Ариадна отвела взгляд, закусив губу в кратком раздумье, и я видел, как покачивает она головой, но не смеет возразить, а потом склонилась передо мной и произнесла с достоинством, подобающим царевне, и покорностью, приличной почтительной дочери:
— Я согласна стать его женой, отец, и благодарна тебе за заботу.
Эгей. (Первый год двадцать первого девятилетия правления Миноса, сына Зевса. Созвездие Близнецов)
Свадьбу Ариадны и Диониса отпраздновали пышно и шумно. Жених, явившийся всем в виде Диониса Кироса — статного чернобородого мужа в венце из виноградных листьев, выглядел истинным сыном Зевса. Величественный и сдержанный, немногословный, но мудрый, он был истинным анактом рядом с моей дочерью. Ариадна, целомудренная и неприступная, как Паллада, восседала рядом с ним, и на губах ее играла едва заметная торжествующая улыбка гордой избранницы божественного жениха. Она выказывала свою радость и приязнь к Дионису. Но мне повсюду чудилась ложь. Спустя несколько дней я спросил у служанки, довольна ли ее госпожа браком и любима ли она супругом? Та с готовностью ответила, что Дионис ласков и обходителен с моей богоравной дочерью, но утром их ложе бывает едва смято, как будто Ариадна и Кирос прожили в браке многие годы.
Да и сам я, встречаясь взглядом со своей дочерью, видел в ее глазах небывалую доселе усталость и покорность судьбе — и только.
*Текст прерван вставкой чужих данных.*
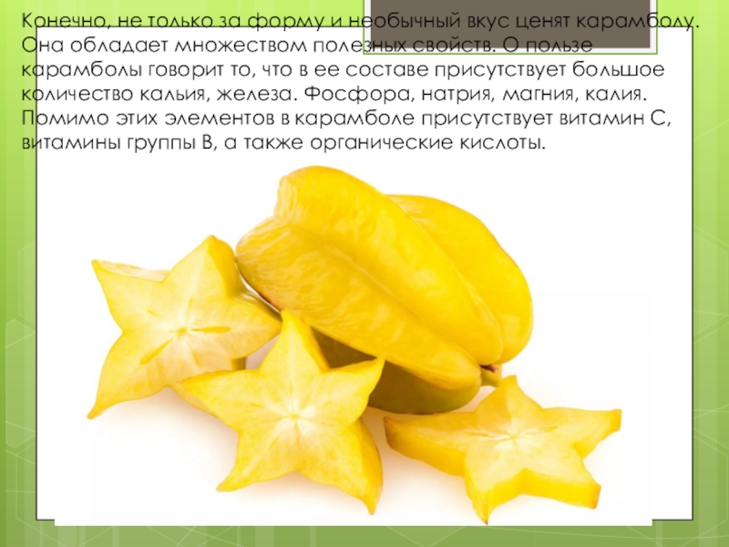 Слайд 16Конечно, не только за форму и необычный вкус ценят карамболу. Она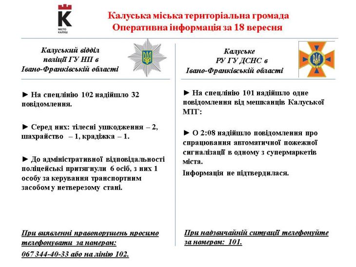 Протягом 18 вересня на спецлінію 102 надійшло 32 повідомлення від мешканців Калуської громади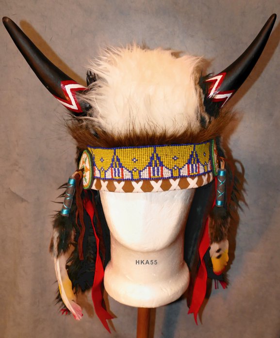 "Hörnerkappe Fell weiss-grau mit Federn"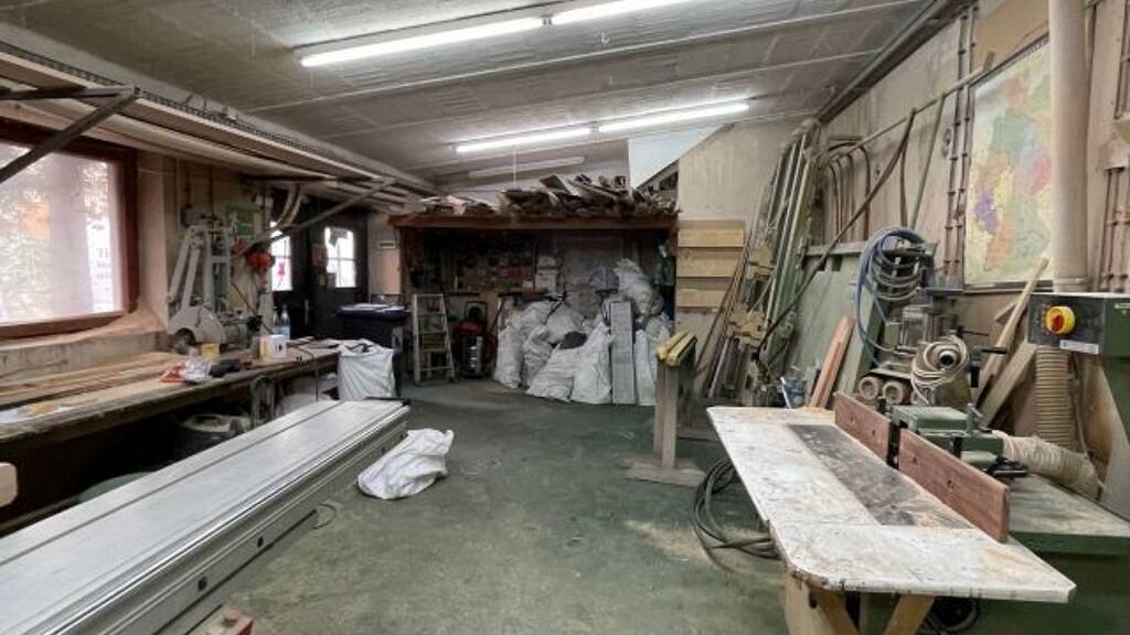 Im hinteren Bereich des Hofs befindet sich derzeit eine Tischlerei.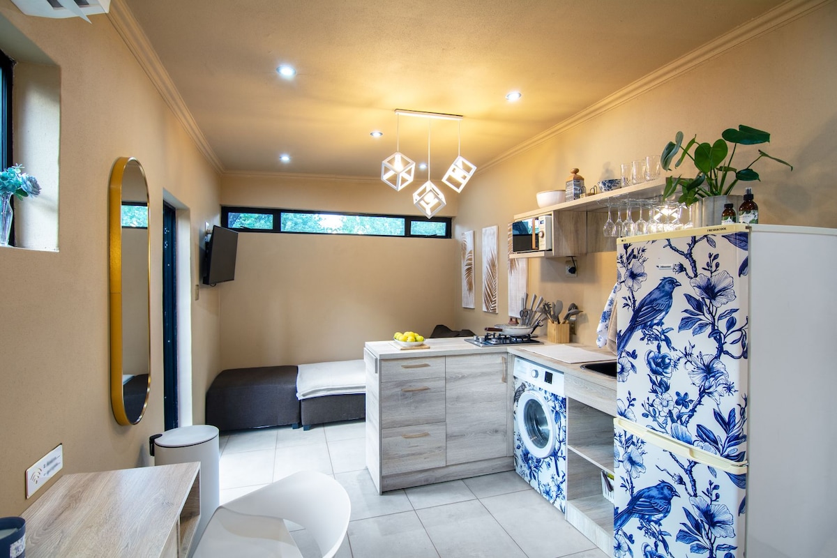 Tu refugio sencillo y sereno en Johannesburgo Ya sea que estés en Joburg por negocios, visitando amigos y familiares o haciendo turismo, Willowild Cottage ofrece una escapada tranquila y céntrica. A solo 5,6 km de Sandton City y el Gautrain, a 8 minutos en auto, este encantador refugio se encuentra en un jardín paradisíaco, donde los huéspedes pueden disfrutar de frutas y verduras cultivadas orgánicamente. Con estacionamiento seguro y acceso privado a la casa de campo, Willowild Cottage combina simplicidad, comodidad y tranquilidad para una estadía ideal.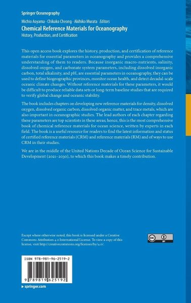 The book includes chapters on developing new reference materials for density, dissolved oxygen, dissolved organic carbon, dissolved organic matter, and trace metals, which are also important in oceanographic studies. The lead authors of each chapter regardingthese parameters are top scientists in these areas; hence, this is the most comprehensive book of chemical reference materials for ocean science, written by experts in each field. The book is a useful resource for readers to find the latest information and status of certified reference materials (CRM) and reference materials (RM) and of ways to use CRM in their studies.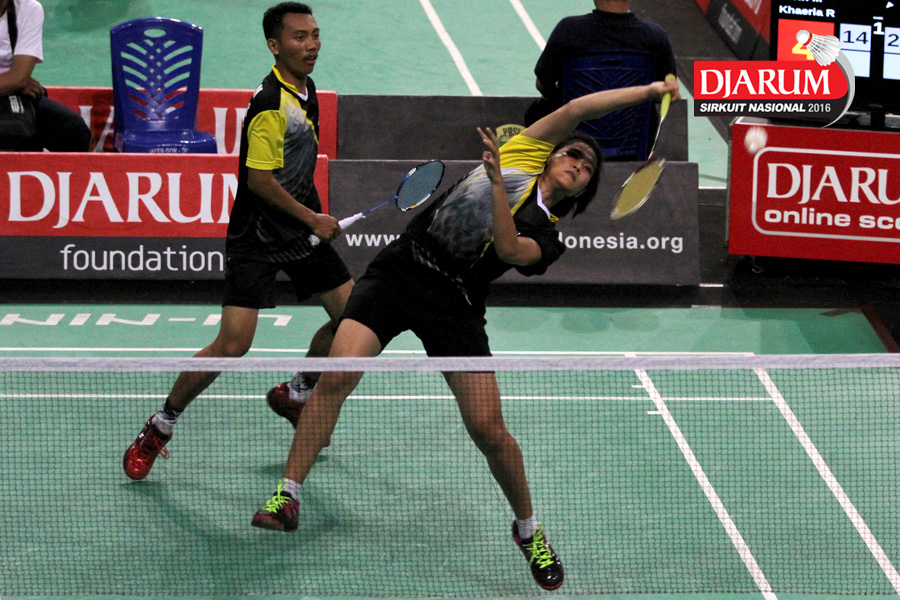 Alvin Musaddiq/Khaeriah Rosmini (Pelatprov SULSEL) melepaskan serangan

Я молил Афродиту, принося ей щедрые жертвы, ниспослать им любовь и уповал на целительную силу времени.
С Лиэем мы, по существовавшему меж нами уговору, встречались только на людях. С той самой поры, как я передал ему согласие Ариадны на брак, он относился ко мне с почтительностью, приличествующей зятю царственного тестя.
Едва закончились свадебные торжества, я стал готовиться к войне с Афинами.
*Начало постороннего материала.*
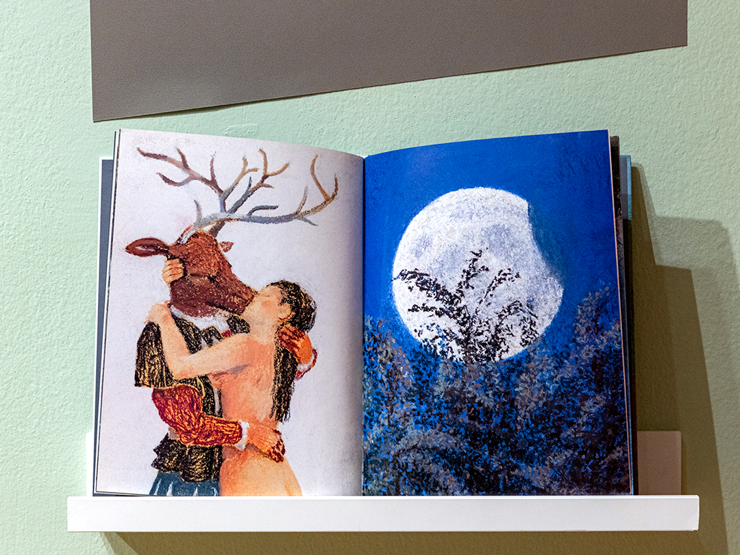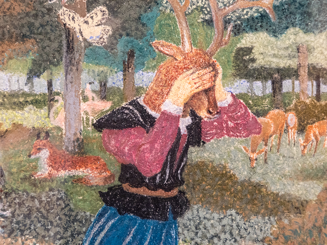 그리스 신화 속 사냥꾼 악타이온도 등장합니다. 원작에서 사슴을 쫓던 악타이온은 아르테미스 여신의 분노를 사 오히려 사슴으로 변해버리는데, 이번에는 목숨을 잃는 대신 여신과 사랑에 빠집니다. 파스텔 특유의 몽글몽글한 질감과 점점이 찍힌 기법이 시선을 사로잡아요.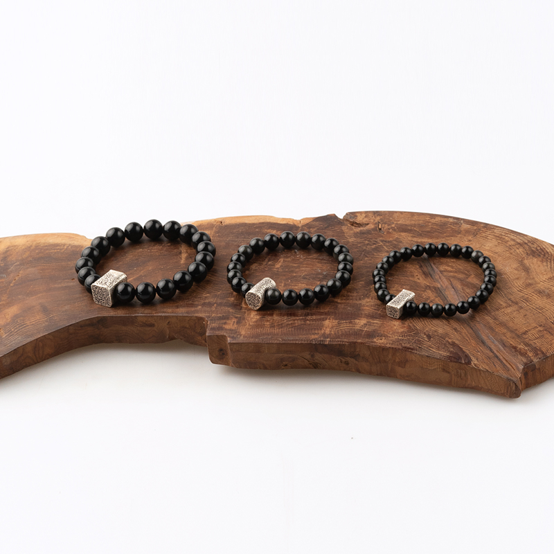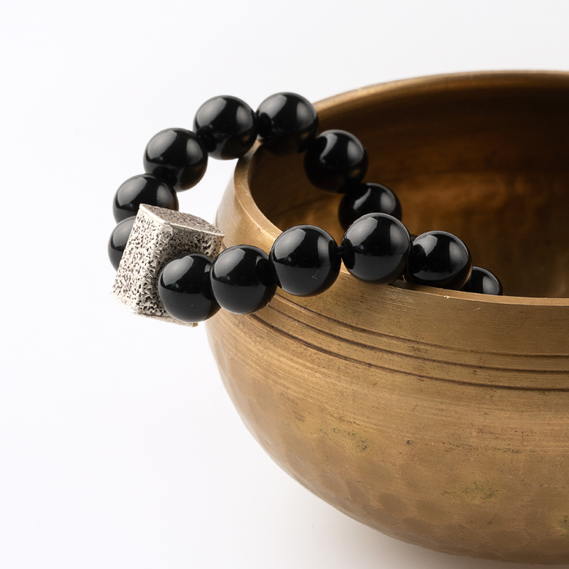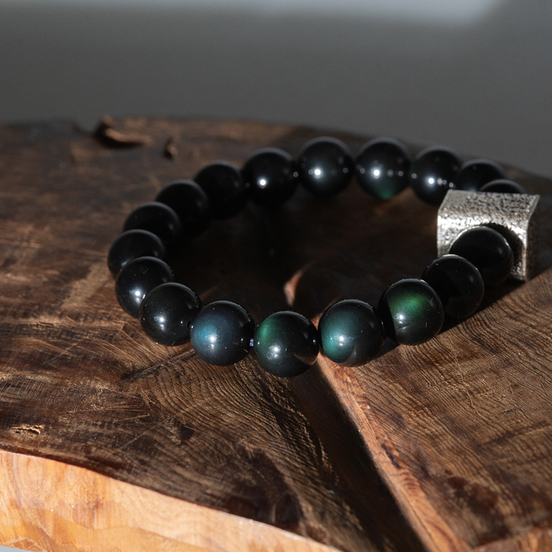 流云匠铺 6mm 8mm 10mm天然彩眼黑曜石单圈手串清迈手工银手链ZF
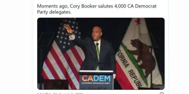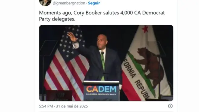 “Momentos atrás, Cory Booker saúda 4 mil delegados do Partido Democrata da Califórnia”, escreveu Greenberg no X.
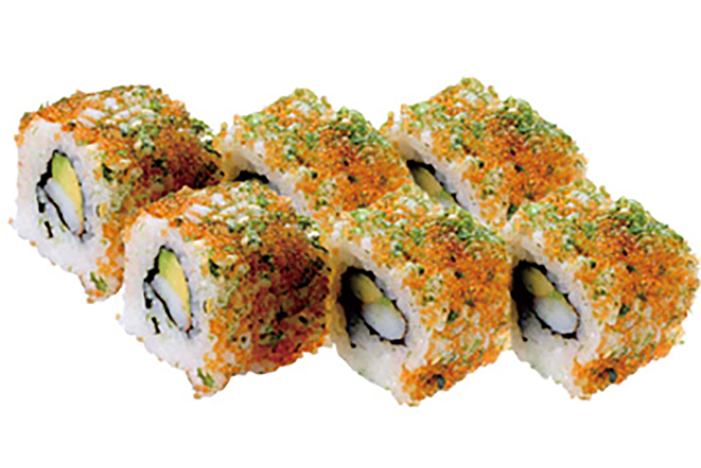 The California Roll is now the best known “Japanese food” around the world. To get Americans to accept Sushi, California Rolls have the raw ingredients and nori, which might be visually off-putting, folded into the interior.

Узелки, затянутые на нити моей жизни, рвались один за другим. Накануне моего отъезда я узнал о гибели Эгея. Это случилось около полудня, когда Гелиос вывел свою колесницу на проторенную дорогу, и его лучи падали отвесно на землю. Мы приносили жертвы Зевсу, Аресу и Посейдону. Внезапно небо опрокинулось на землю, стремительно понеслось на меня, я взлетел над морем и заскользил над его виноцветной гладью, как сокол.
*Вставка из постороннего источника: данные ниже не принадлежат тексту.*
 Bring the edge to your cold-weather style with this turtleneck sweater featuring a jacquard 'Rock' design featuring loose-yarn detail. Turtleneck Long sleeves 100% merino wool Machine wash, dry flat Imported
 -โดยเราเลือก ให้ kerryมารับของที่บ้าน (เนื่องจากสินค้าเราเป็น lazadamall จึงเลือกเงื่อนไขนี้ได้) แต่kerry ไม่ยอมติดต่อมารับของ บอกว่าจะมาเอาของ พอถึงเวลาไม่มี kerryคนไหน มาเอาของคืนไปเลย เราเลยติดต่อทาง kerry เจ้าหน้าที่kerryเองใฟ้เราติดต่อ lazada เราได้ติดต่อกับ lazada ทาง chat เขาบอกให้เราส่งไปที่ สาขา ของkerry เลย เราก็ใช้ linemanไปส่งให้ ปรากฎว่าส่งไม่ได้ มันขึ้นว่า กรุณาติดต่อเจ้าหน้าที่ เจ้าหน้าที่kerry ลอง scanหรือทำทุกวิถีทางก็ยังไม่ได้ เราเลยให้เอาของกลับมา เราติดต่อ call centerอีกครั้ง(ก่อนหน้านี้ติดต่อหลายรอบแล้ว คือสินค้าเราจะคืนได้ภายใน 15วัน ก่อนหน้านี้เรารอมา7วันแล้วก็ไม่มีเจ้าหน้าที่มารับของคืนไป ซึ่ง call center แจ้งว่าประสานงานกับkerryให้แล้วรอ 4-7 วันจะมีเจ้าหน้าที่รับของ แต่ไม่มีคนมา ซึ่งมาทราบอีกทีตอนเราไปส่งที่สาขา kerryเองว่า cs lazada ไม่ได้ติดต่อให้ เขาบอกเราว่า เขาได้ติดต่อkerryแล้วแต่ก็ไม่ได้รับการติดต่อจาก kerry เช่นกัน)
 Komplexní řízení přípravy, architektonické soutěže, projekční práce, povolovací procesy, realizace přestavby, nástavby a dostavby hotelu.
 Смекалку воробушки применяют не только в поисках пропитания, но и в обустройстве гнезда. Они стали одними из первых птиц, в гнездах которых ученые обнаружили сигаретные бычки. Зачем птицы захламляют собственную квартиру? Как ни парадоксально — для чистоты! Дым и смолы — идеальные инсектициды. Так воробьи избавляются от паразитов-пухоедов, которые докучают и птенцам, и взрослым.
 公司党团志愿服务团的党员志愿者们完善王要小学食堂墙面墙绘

Позади уже остались Киклады, Эгина, и я видел знакомый до боли берег — корабли в гавани Пирея, людей, повозки, ползущие к Афинам, неприступный акрополь. Я опустился на стену крепости и увидел Эгея.
За эти годы афинский басилевс, сын смертных, постарел. Волосы его, некогда густые и русые, стали белыми — такими же, как мои, а когда ветер взъерошивал их, то мелькала розовая кожа на голове. Его мощная спина сгорбилась, а мускулистые плечи поникли, но я охотно верил, что этот человек еще крепок и подвижен, и невольно попытался вспомнить, сколько же ему лет. Кажется, без малого восемь девятилетий. Старый лев.
Басилевс стоял, опираясь на трость, и внимательно вглядывался вдаль, в сторону Пирея.
На стену поднялся молодой слуга с креслом и скамеечкой для ног. За ним спешила девушка с большим опахалом.
— Господин мой, сядь, твои ноги уже не столь сильны, чтобы ежедневно утомлять их, простаивая от рассвета до заката на стене, — с поклоном произнес юноша.
Эгей повернулся к нему.
— Дитя, — хриплым, но все еще властным голосом произнес он. — Дитя… Твои глаза острее моих. Постой рядом со мной. Ты скажешь мне, если появится корабль, на котором отправился к Миносу на Крит мой сын.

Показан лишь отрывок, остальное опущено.